Fig 2: Synchronous REST/HTTP APIs using Amazon API Gateway

Fig 2: Synchronous REST/HTTP APIs using Amazon API Gateway

GraphQL HTTP APIs

You can use AWS AppSync as the API layer to take advantage of the benefits of GraphQL APIs. GraphQL APIs offer declarative and efficient data fetching using a typed schema definition, serverless data caching, offline data synchronization, security, and fine-grained access control. It also provides data sources and resolvers for writing business logic. If you don’t need the mutation layer, AWS AppSync can directly invoke an LLM in Amazon Bedrock. AWS AppSync integration timeout is set to 30 seconds by default and can’t be extended. If you need to perform operations that might take longer, consider implementing asynchronous patterns or breaking down the operation into smaller chunks. For an example integration, see Invoke Amazon Bedrock models from AWS AppSync HTTP resolver. The following diagram illustrates the solution architecture.
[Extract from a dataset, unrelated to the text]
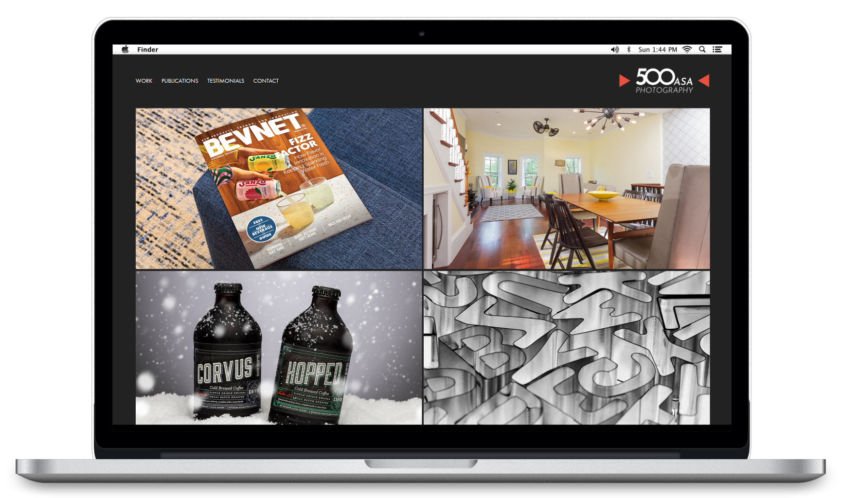 My first freelance venture was as a photographer specializing in products and interiors. Below are the logo, website, and business cards I designed to represent the brand. I aimed for a look that was simple yet subtly decorative, inspired by the design of old manual focus lenses without leaning on cliché. The final result draws from the arrows and textured grip of the focus ring, creating an abstract but distinctive mark.
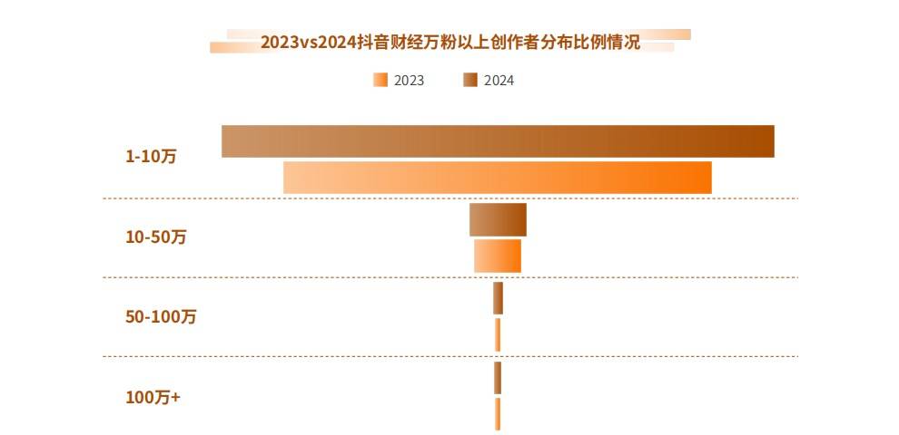 其次,10万粉丝以上的财经创作者规模持续扩大,头部矩阵不断扩充。相较于2023年,2024年10万粉以上财经创作者的占比增长了71%。头部创作者逐步累积的“马太效应”,不仅强化了专业内容的深度,还加速了财经内容生态的迭代升级。

Fig 3: Synchronous GraphQL HTTP APIs using AWS AppSyncFig 3: Synchronous GraphQL HTTP APIs using AWS AppSync

Conversational chatbot interface

Amazon Lex is a service for building conversational interfaces with voice and text, offering speech recognition and language understanding capabilities. It simplifies multimodal development and enables publication of chatbots to various chat services and mobile devices. It offers native integration with Lambda to streamline chatbot development. When a Lambda function is used for fulfilment, the default response timeout is set to 30 seconds. To bypass, you can use fulfilment updates to provide periodic updates to the user, so the user knows that the chatbot is still working on their request. For an example implementation, see Enhance Amazon Connect and Lex with generative AI capabilities. The following diagram illustrates the solution architecture.
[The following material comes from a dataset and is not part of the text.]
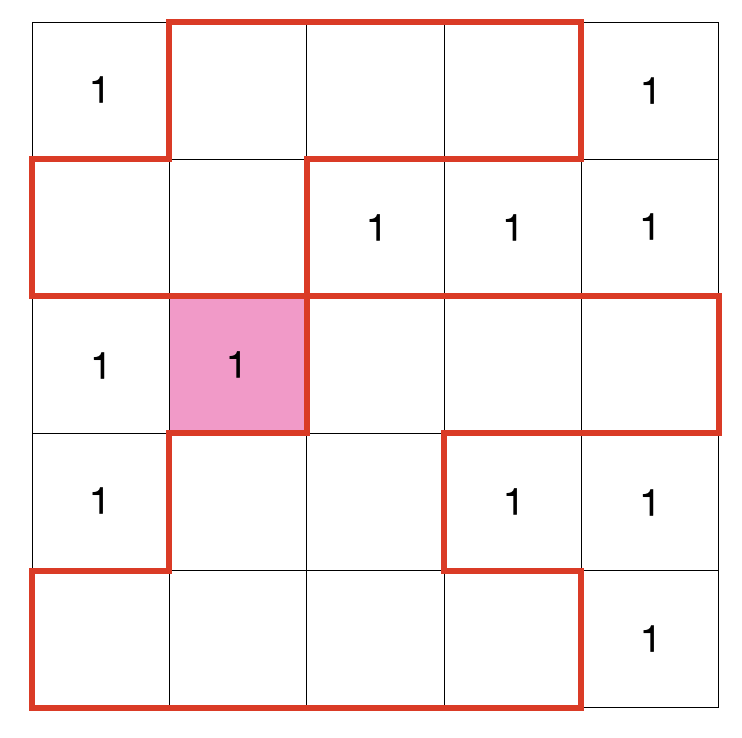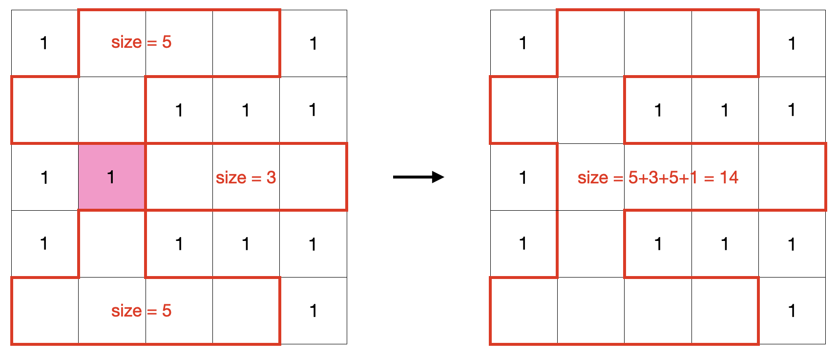 이때 상하좌우의 집합 중 중복이 발생할 수 있다는 점을 주의해야 한다. 아래와 같은 상황에서 오른쪽 집합과 아래쪽 집합이 같은 집합이므로 중복으로 처리하여 집합의 크기를 한 번만 더해주어야 한다.

Fig 4: Synchronous conversational APIs using Amazon Lex

Fig 4: Synchronous conversational APIs using Amazon Lex

Model invocation using orchestration

AWS Step Functions enables orchestration and coordination of multiple tasks, with native integrations across AWS services like Amazon API Gateway, AWS Lambda, and Amazon DynamoDB. AWS Step Functions offers built-in features like function orchestration, branching, error handling, parallel processing, and human-in-the-loop capabilities. It also has an optimized integration with Amazon Bedrock, allowing direct invocation of Amazon Bedrock FMs from AWS Step Functions workflows. With this integration, you can accomplish the following:

  • Enrich Step Functions data processing with generative AI capabilities for tasks like text summarization, image generation, or personalization
  • Retrieve and inject up-to-date data (such as product pricing or user profiles) into LLM prompts for improved accuracy
  • Orchestrate LLM and agent calls in a customized processing chain, using the best-suited models at each stage
  • Implement human-in-the-loop interactions to moderate responses and handle hallucinations of the FM

For an example implementation using API Gateway, see Prompt chaining with Amazon API Gateway and AWS Step Functions. For an example implementation using AWS AppSync, see Prompt chaining with AWS AppSync, AWS Step Functions and Amazon Bedrock. The following diagram illustrates an example architecture.

Fig 5: Synchronous model invocations using AWS Step FunctionsFig 5: Synchronous model invocations using AWS Step Functions

Pattern 2: Asynchronous request response

This pattern provides a full-duplex, bidirectional communication channel between the client and server without clients having to wait for updates. The biggest advantages is its non-blocking nature that can handle long-running operations. However, they are more complex to implement because they require channel, message, and state management. This model can be implemented through two architectural approaches.

WebSocket APIs

The WebSocket protocol enables real-time, synchronous communication between the frontend and middleware, allowing for bidirectional, full-duplex messaging over a persistent TCP connection. This bidirectional behavior enhances client/service interactions, enabling services to push data to clients without requiring explicit requests. Using API Gateway, you can create a WebSocket APIs as a stateful frontend for an AWS service (such as Lambda or DynamoDB) or for an HTTP endpoint. The WebSocket API invokes your backend based on the content of the messages it receives from client apps. After the message is generated, the backend can send callback messages to connected clients. Each request-response cycle must complete within 29 seconds, as defined by the API Gateway integration timeout for WebSockets. The connection duration for API Gateway WebSocket APIs can be up to 2 hours with an idle connection timeout of 10 minutes—these can’t be extended. For an example implementation, refer to AI Chat with Amazon API Gateway (WebSockets), AWS Lambda and Amazon Bedrock. The following diagram illustrates an example architecture.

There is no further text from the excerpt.